Поселившись в Конуре, Вадим Соловьев почувствовал себя счастливым и свободным человеком: ему хорошо писалось, и водились у него славные и необременительные приятели, а смена Тани Наташей произошла так плавно и легко, что ничуть не поколебала его устойчивого счастья. Что же до чувства свободы — что ж, он был свободен куда более большинства своих сограждан, хотя бы потому, что способен был чувствовать всеобщую несвободу. Не скованный по рукам и ногам постылой службой, он не воспринимал это как должное, по-хамски — но радовался этому и неназойливо благодарил Бога, к которому обращался изредка, в самых острых случаях, — быть может, оттого, что был человеком совестливым и тактичным. Как всякий советский гражданин, он, естественно, задумывался с холодеющей душою над нависающей сводом угрозой тюрьмы, — но размышлял об этом как о реально существующем, но отдаленном предмете: никто не заговорен от тюрьмы, и не в человеческих силах предотвратить что-либо или предвосхитить. Вон Рожковскому дали три года за стихи, и Мельмана взяли за демдвижение. Но стены Конуры кажутся, все-таки, такими прочными, такими глухими. Авось, минует, пронесет.

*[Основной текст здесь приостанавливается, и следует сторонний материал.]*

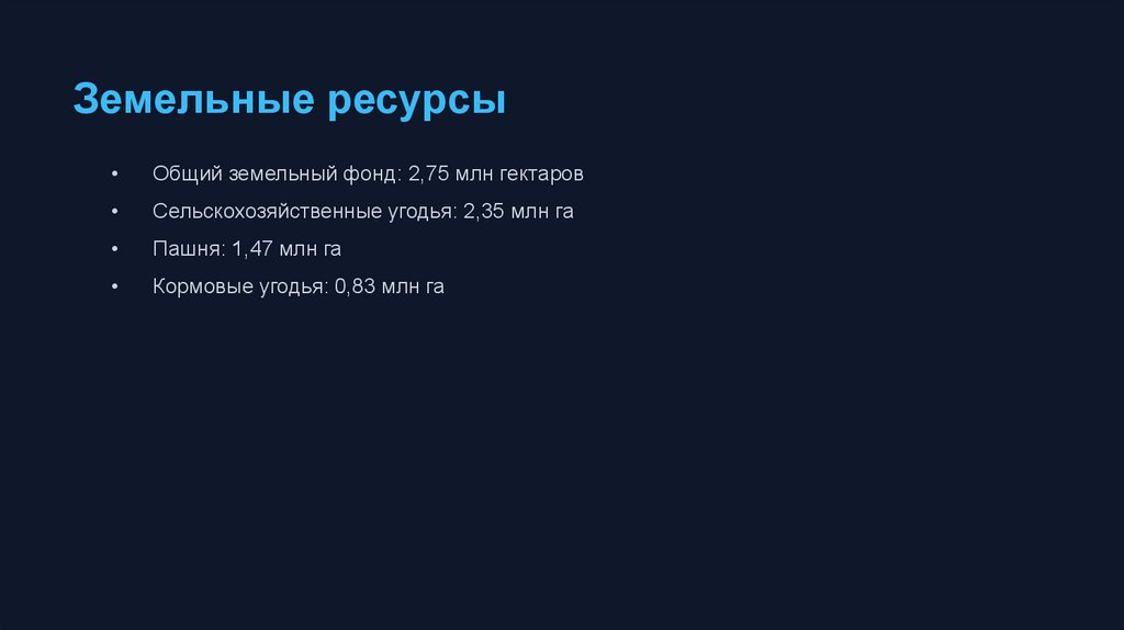 Земельные ресурсыОбщий земельный фонд: 2,75 млн гектаров

Тюрьма, когда он думал о ней и представлял ее себе вживе, пугала Вадима. Она виделась ему столь же неотвратимой и обязательной, как смерть, — и от этого чувства беспомощности перед Тюрьмой Вадиму становилось немного легче, словно бы он, утешая, сам гладил себя по голове… Это, конечно, верно, что в политлагерях сидят самые светлые, самые чистые российские силы. Верно и то, что по ту сторону решетки человек внутренне более свободен, чем посреди так называемой воли, обнесенной частоколом уже вошедших в привычку страхов, — в частности, страха вдруг быть посаженным за решетку, в тюрьму. Более того: посадка в тюрьму, хоть ненадолго, на годик-другой — это как бы знак высшего совершенства, сверкающее клеймо благонадежности в среде вольнодумцев. И, все-таки, вопреки доводам разума, Вадим панически боялся тюрьмы — когда она обретала реальные черты Владимирки или потьминских лагпунктов. Скажи ему кто-нибудь, что вот этой ночью он будет арестован — он, пожалуй, потянулся бы к газовому кранику или веревке. Он готов был жить без сверкающего клейма. С него было достаточно, что ГБ проявляет определенный интерес к нему и к его прозе; и это, несомненно, возвышало его в собственных глазах.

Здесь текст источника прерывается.